## Work to complete:
The expected answer is the data below, printed verbatim without its pictures.

## Data:
= = = = =
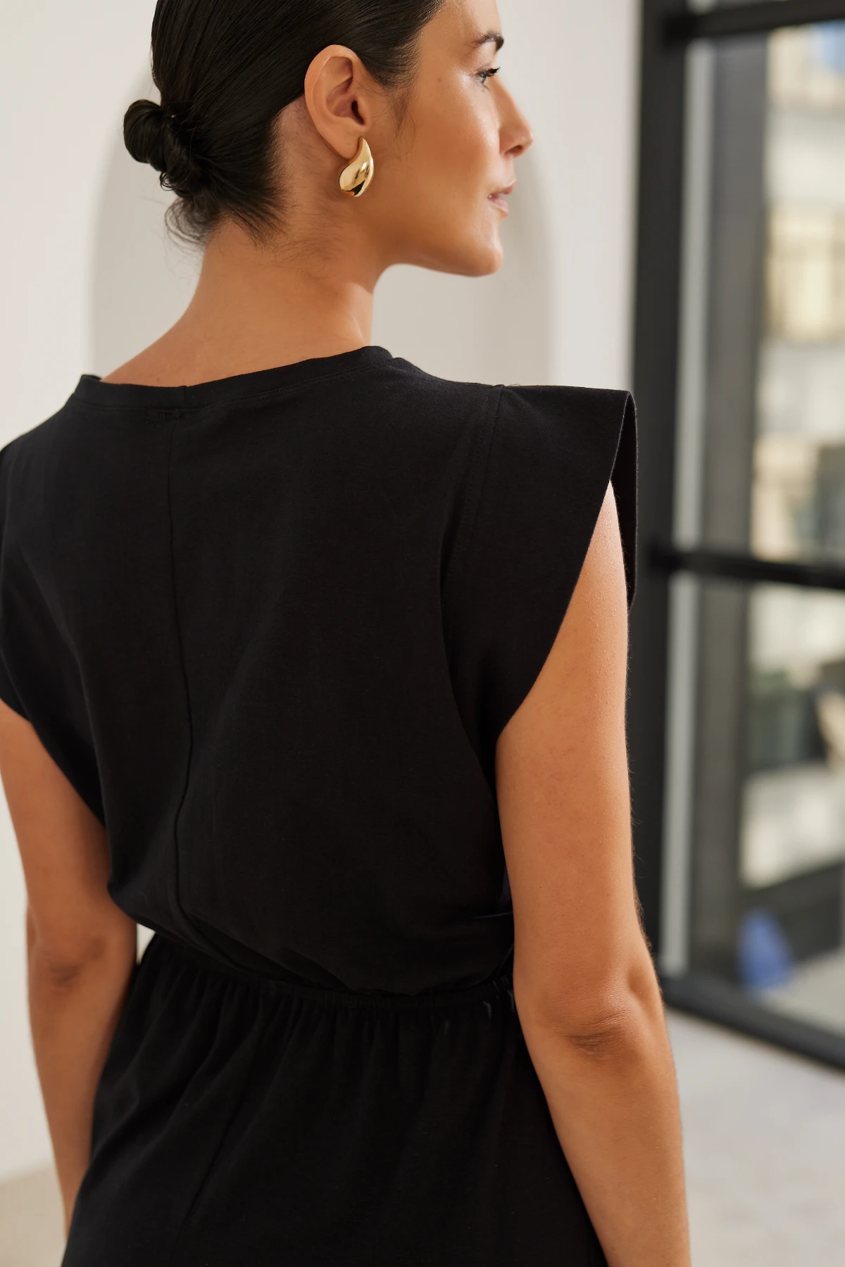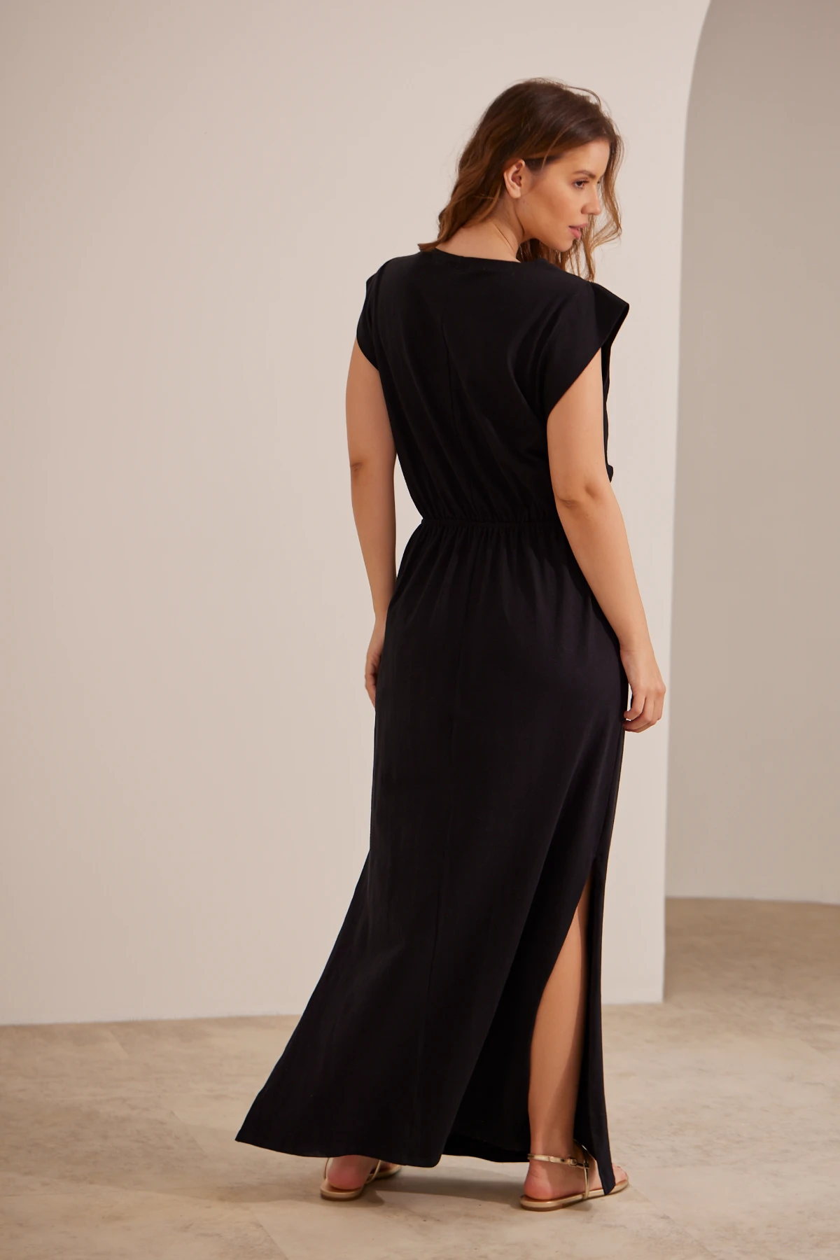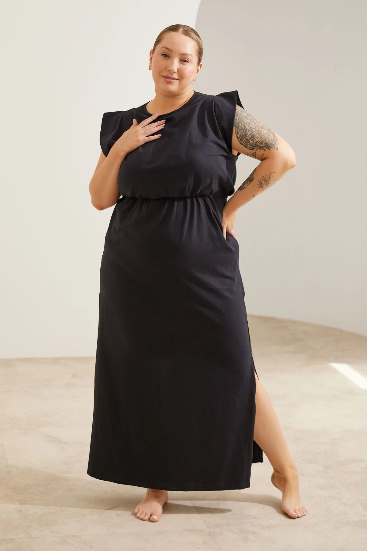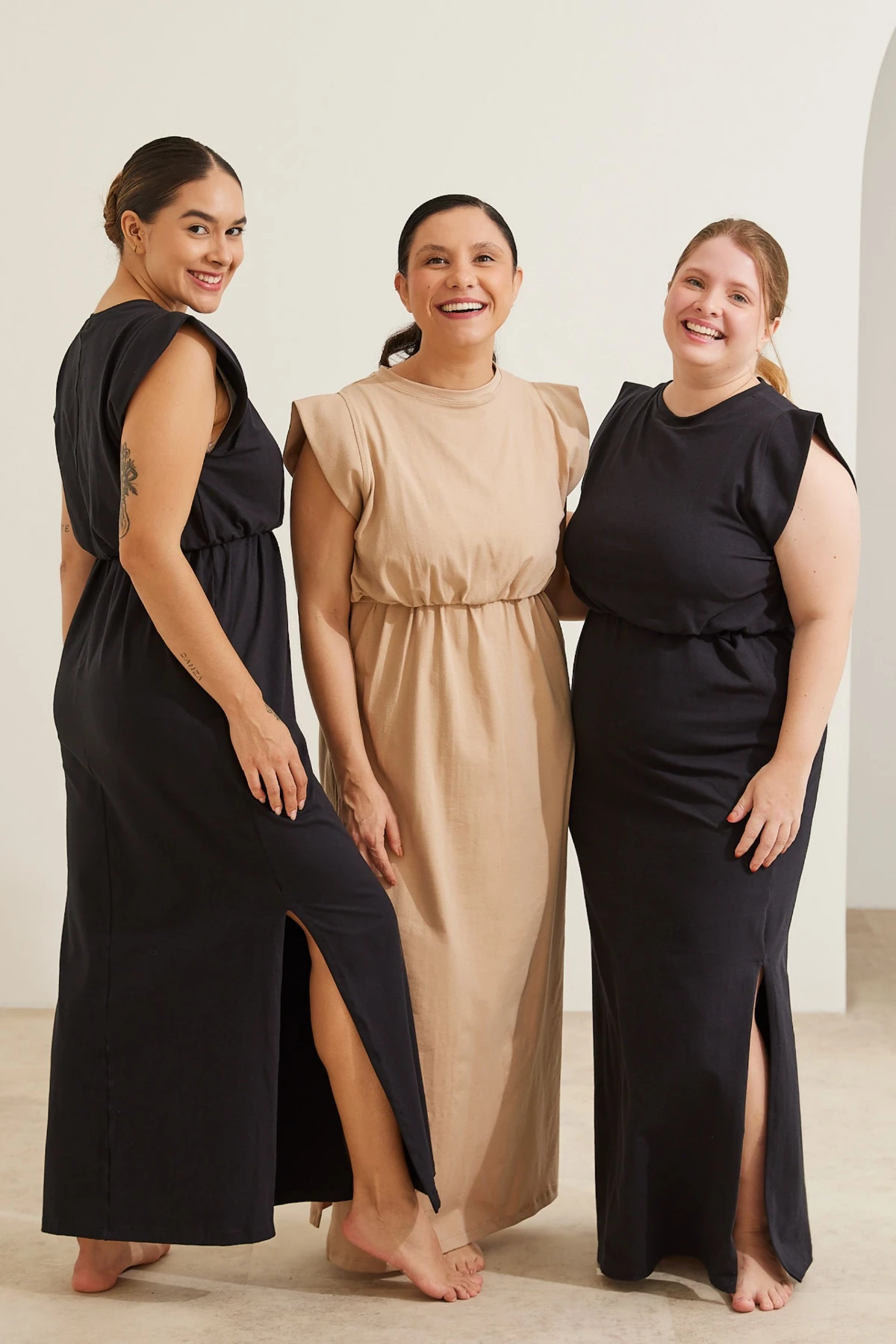 Por isso o vestido combina simplicidade e função: a malha de algodão premium oferece toque macio e opacidade, enquanto a modelagem ampla garante espaço para a barriga sem alargar o tecido.
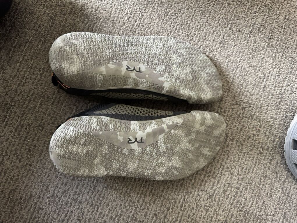 These are a barefoot shoe with zero drop (no heel lift). These are great training shoes or just to wear around! They feel like they suction onto your feet and mold around them for a custom fit. I really like them, but I have too many shoes and don’t reach for these as often as I should. I’ve only worn them 5 times.
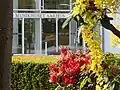 The Concert Hall Park is divided geographically in two separate sections. The main section between Frederiks Allé and the Concert Hall entrances is designed as a parterre garden. The more secluded northward section is fit in between the concert halls and the ARoS art museum on a steep slope, and includes an amphitheatre and outdoor stage. The Concert Hall Park and the adjacent City Hall Park is separated by the Frederiks Allé road and have very different designs. Whereas the City Hall Park has winding paths, dense growth and an organic, sort of haphazard, design, the Concert Hall Park has an ordered, tight expression with straight paths, cropped hedges and diagonal axis' mirroring planning and order. In the central areas where paths join there are a number of fountains and benches.[1]
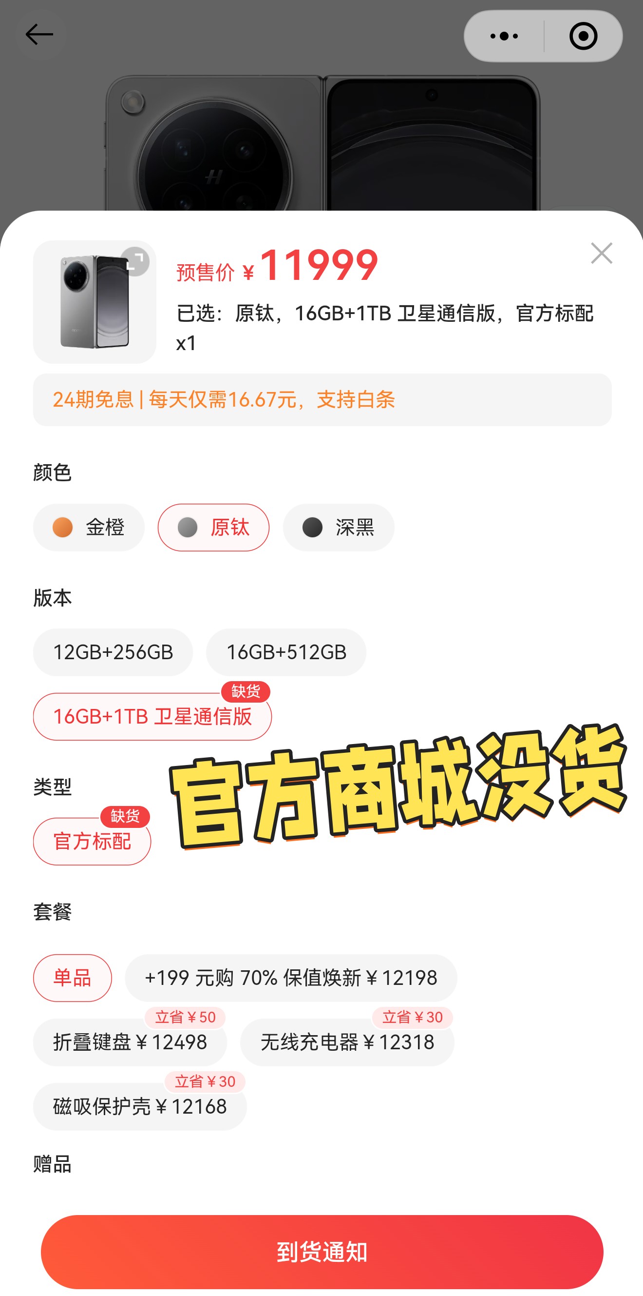然后比较尴尬的就来了,我之前在店里问了销售说我想买1TB的,有没有现货,她跟我说钛色和橙色都卖断货了,想要的话可以考虑下黑色款~然后我就想着说到线上平台看看,结果官方商城和某东看了居然1TB的钛色同样缺货,橙色的也要等到25号之后才有现货,今年的OPPO折叠机这么火的嘛
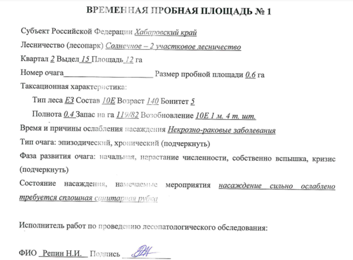 Корреспондент DVhab.ru cвязался с сотрудником авиабазы Николаем Репиным, который в документах значится как исполнитель лесопатологического обследования. Он сообщил, что его квалификация позволяет проводить подобные исследования – он является инженером по лесопользованию, а также обучался на профильных курсах.— После того как я составляю акт о состоянии леса, его проверяют не один раз, в том числе может и прокуратура проверить, он есть в свободном доступе на сайте управления лесами. Если там что-то не совпадает с моими выводами, дальше его никто бы не пропустил. А раз пропустили - значит в этом лесу действительно все плохо. Я постоянно это место мониторю, еще три года назад лес там стоял зеленый, потом резко начал усыхать. Если его не рубить, он погибнет от пожаров вместе со здоровым – например, от сухой грозы, — рассказал Репин.
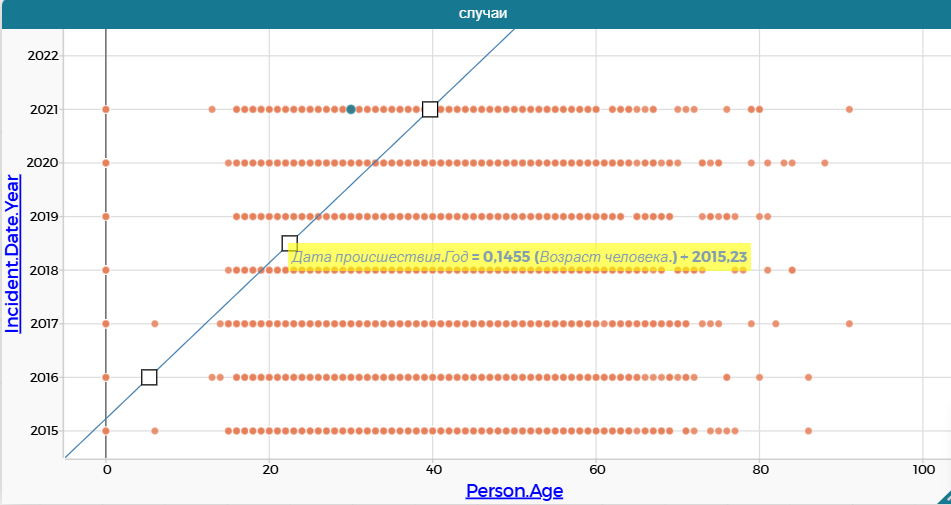 Регрессионный анализ выявил статистически значимую связь между годом инцидента и возрастом жертвы (t = 167, p < 0.0001). Уравнение регрессии показало, что с каждым годом средний возраст жертв снижался на [b₁] лет. Таким образом, в данных наблюдается значимый тренд к омоложению людей, вовлеченных в инциденты со стрельбой полиции, в период с 2015 по 2016 год.
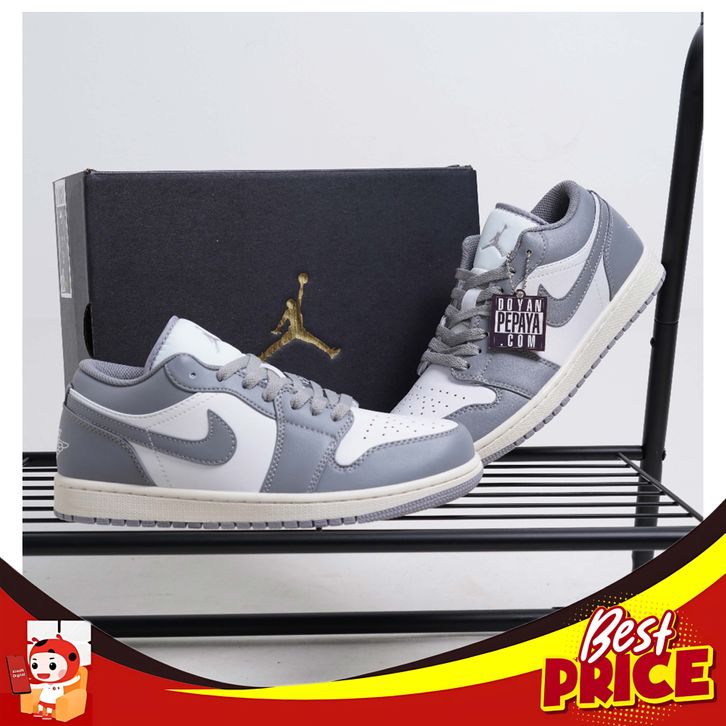 BARU SEPATU PRIA JORDAN 1 LOW "VINTAGE GREY" STEALTH/SAIL/WHITE 14153
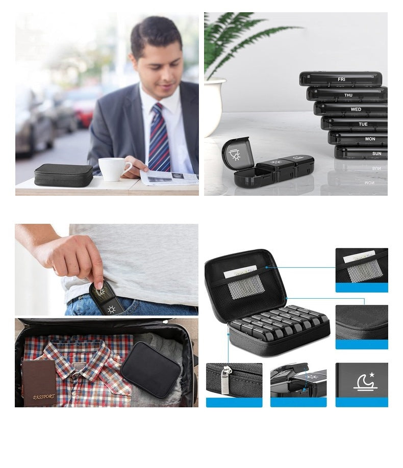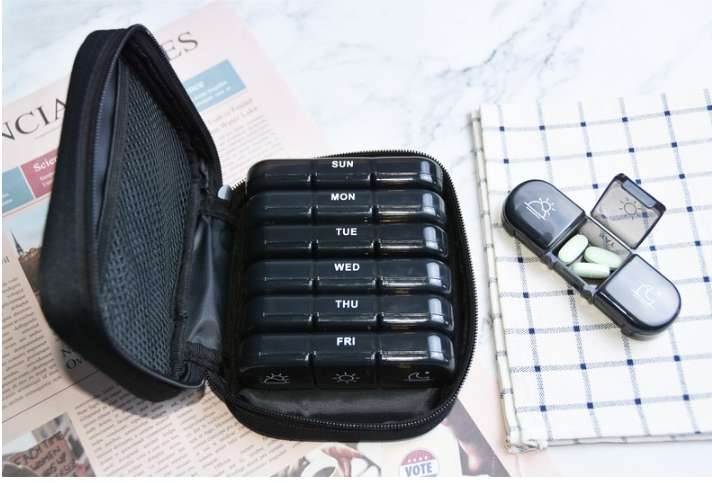 Pastillero semanal, pastillero para 2 tomas al día, organizador de medicamentos de viaje para 7 días
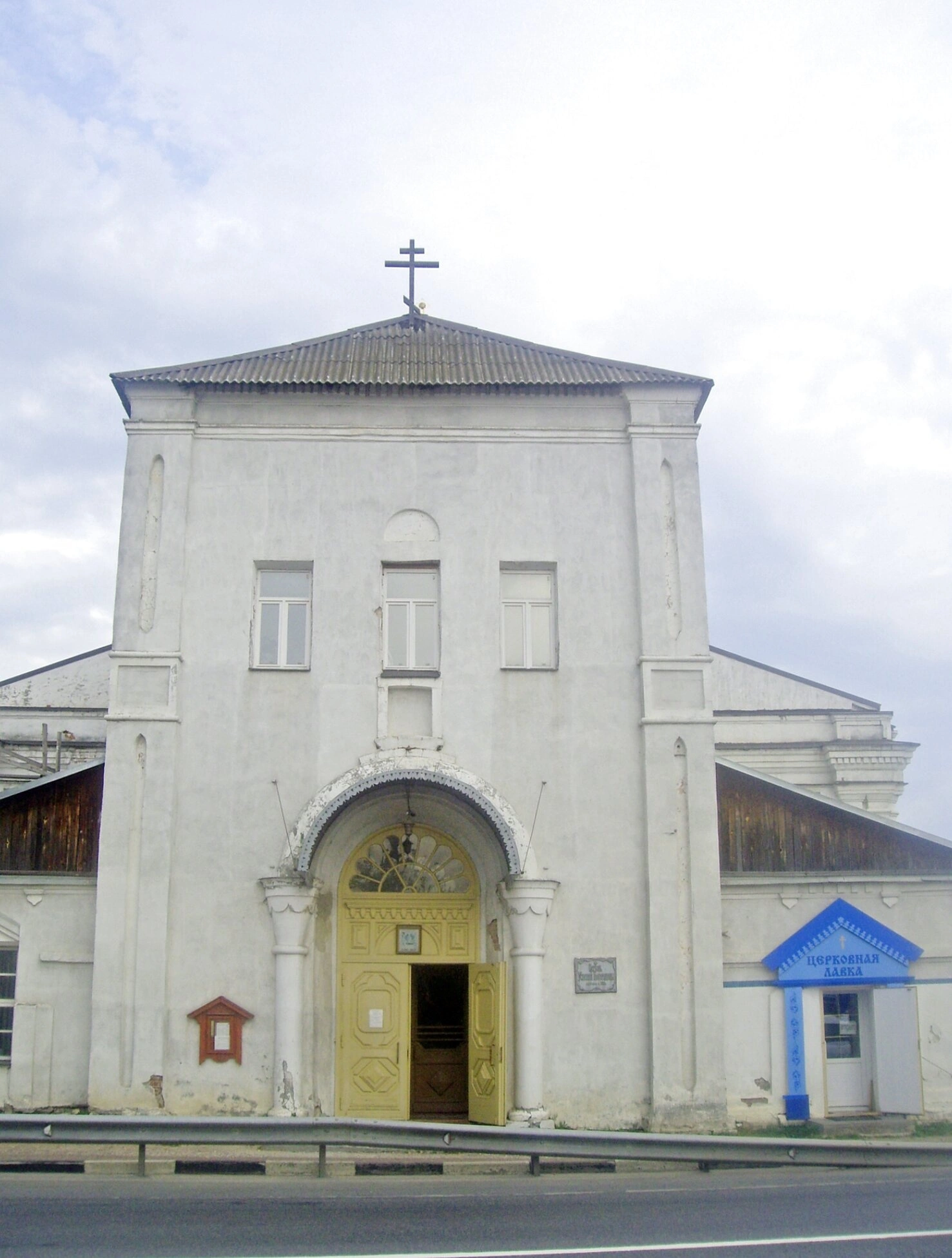 Справа от входа располагается церковная лавка, где паломники и прихожане могут приобрести свечи, православную литературу, иконы и другую духовную продукцию. На переднем плане видно дорожное ограждение, обозначающее благоустроенную территорию вокруг святого места. На заднем плане открывается вид на облачное небо, создающее торжественный и светлый фон для домостроительства Божия.
= = = = =
## Worked solution:
 Por isso o vestido combina simplicidade e função: a malha de algodão premium oferece toque macio e opacidade, enquanto a modelagem ampla garante espaço para a barriga sem alargar o tecido.
 These are a barefoot shoe with zero drop (no heel lift). These are great training shoes or just to wear around! They feel like they suction onto your feet and mold around them for a custom fit. I really like them, but I have too many shoes and don’t reach for these as often as I should. I’ve only worn them 5 times.
 The Concert Hall Park is divided geographically in two separate sections. The main section between Frederiks Allé and the Concert Hall entrances is designed as a parterre garden. The more secluded northward section is fit in between the concert halls and the ARoS art museum on a steep slope, and includes an amphitheatre and outdoor stage. The Concert Hall Park and the adjacent City Hall Park is separated by the Frederiks Allé road and have very different designs. Whereas the City Hall Park has winding paths, dense growth and an organic, sort of haphazard, design, the Concert Hall Park has an ordered, tight expression with straight paths, cropped hedges and diagonal axis' mirroring planning and order. In the central areas where paths join there are a number of fountains and benches.[1]
然后比较尴尬的就来了,我之前在店里问了销售说我想买1TB的,有没有现货,她跟我说钛色和橙色都卖断货了,想要的话可以考虑下黑色款~然后我就想着说到线上平台看看,结果官方商城和某东看了居然1TB的钛色同样缺货,橙色的也要等到25号之后才有现货,今年的OPPO折叠机这么火的嘛
 Корреспондент DVhab.ru cвязался с сотрудником авиабазы Николаем Репиным, который в документах значится как исполнитель лесопатологического обследования. Он сообщил, что его квалификация позволяет проводить подобные исследования – он является инженером по лесопользованию, а также обучался на профильных курсах.— После того как я составляю акт о состоянии леса, его проверяют не один раз, в том числе может и прокуратура проверить, он есть в свободном доступе на сайте управления лесами. Если там что-то не совпадает с моими выводами, дальше его никто бы не пропустил. А раз пропустили - значит в этом лесу действительно все плохо. Я постоянно это место мониторю, еще три года назад лес там стоял зеленый, потом резко начал усыхать. Если его не рубить, он погибнет от пожаров вместе со здоровым – например, от сухой грозы, — рассказал Репин.
 Регрессионный анализ выявил статистически значимую связь между годом инцидента и возрастом жертвы (t = 167, p < 0.0001). Уравнение регрессии показало, что с каждым годом средний возраст жертв снижался на [b₁] лет. Таким образом, в данных наблюдается значимый тренд к омоложению людей, вовлеченных в инциденты со стрельбой полиции, в период с 2015 по 2016 год.
 BARU SEPATU PRIA JORDAN 1 LOW "VINTAGE GREY" STEALTH/SAIL/WHITE 14153
 Pastillero semanal, pastillero para 2 tomas al día, organizador de medicamentos de viaje para 7 días
 Справа от входа располагается церковная лавка, где паломники и прихожане могут приобрести свечи, православную литературу, иконы и другую духовную продукцию. На переднем плане видно дорожное ограждение, обозначающее благоустроенную территорию вокруг святого места. На заднем плане открывается вид на облачное небо, создающее торжественный и светлый фон для домостроительства Божия.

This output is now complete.